1964: Cherchez l'idole - Un invité au spectacle de Sylvie Vartan (uncredited)
1967: Mise à sac - Michel Castagnier
1969: The Devil by the Tail - Charlie (Le petit garagiste)
1969: La maison de campagne - Gérard
1970: The Bear and the Doll - Reginald
1971: Macédoine - Le photographe
1971: Le juge - Antonio
1971: La ville-bidon - Un jeune cadre
1972: L'aventure, c'est l'aventure - Daniel Massaro, le fils de Lino
1972: Repeated Absences - Le 2e flic
1972: The Tall Blond Man with One Black Shoe - Young man in car hearing the toilet flushing in the florist van (uncredited)

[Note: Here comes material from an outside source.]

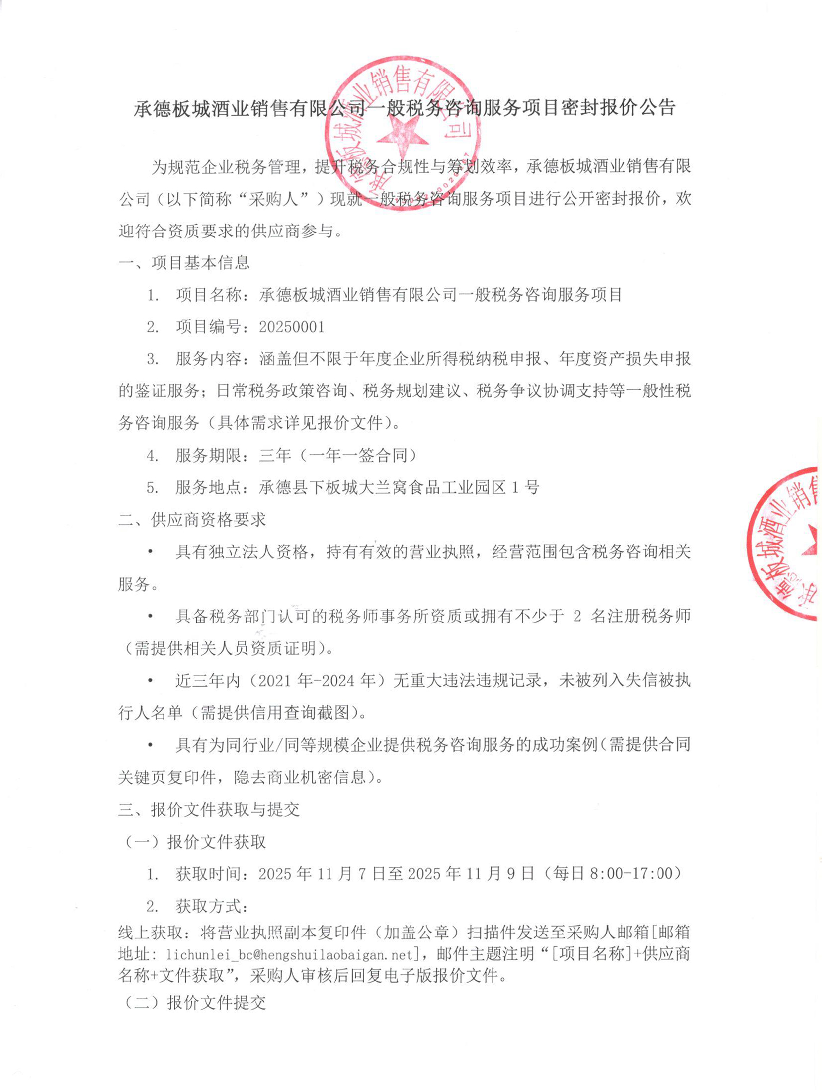 承德板城酒業(yè)銷售有限公司一般稅務咨詢服務項目密封報價公告

1973: Ras le bol - Bertrand Guillou, dit Bert
1973: The Mad Adventures of Rabbi Jacob - Alexandre, le fils du général
1973: Hail the Artist - Le réalisateur énervé (uncredited)

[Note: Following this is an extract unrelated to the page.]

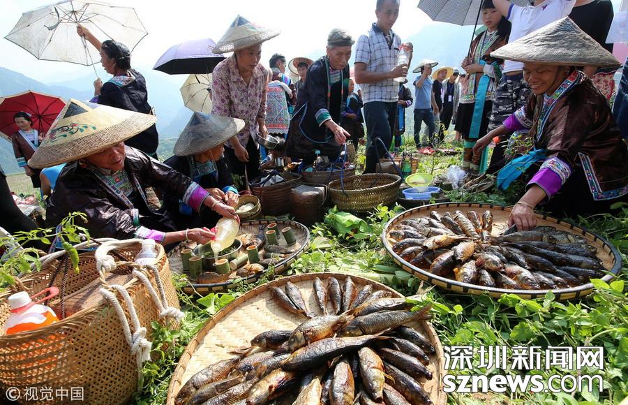2018年11月19日,侗族同胞在參加貴州省從江縣慶云鎮(zhèn)“凍魚節(jié)”祭薩儀式。 據(jù)了解,“凍魚節(jié)”是當?shù)亍笆稀倍弊逋赜械募漓雮鹘y(tǒng)節(jié)日,定在每年農歷的10月12日,是人們紀念祖先遷徙而舉辦的規(guī)模盛大的節(jié)日,至今已有500多年的歷史。節(jié)日期間,主人邀請親友聚餐、參與慶?;顒樱蚕碡S收喜悅。

1973: I Don't Know Much, But I'll Say Everything - Le fils à la sécurité sociale (uncredited)
1974: S*P*Y*S - Paul (Revolutionary)
1974: The Slap - Xavier
1974: The Return of the Tall Blond Man with One Black Shoe - Peintre à l'aéroport (uncredited)
1978: On peut le dire sans se fâcher - Un automobiliste
1978: Take It from the Top - Le mari
1978: A Simple Story - Denisold (uncredited)
1981: Signé Furax - Théo Courant
1982: La Boum 2 - Gilles (uncredited)
1989: Les cigognes n'en font qu'à leur tête - Le cuisinier (uncredited)
1990: Promotion canapé - Un proxénéte (uncredited)
1992: My Wife's Girlfriends - TV channel manager
1993: Coup de jeune - Un collègue de Anne-Christine (uncredited)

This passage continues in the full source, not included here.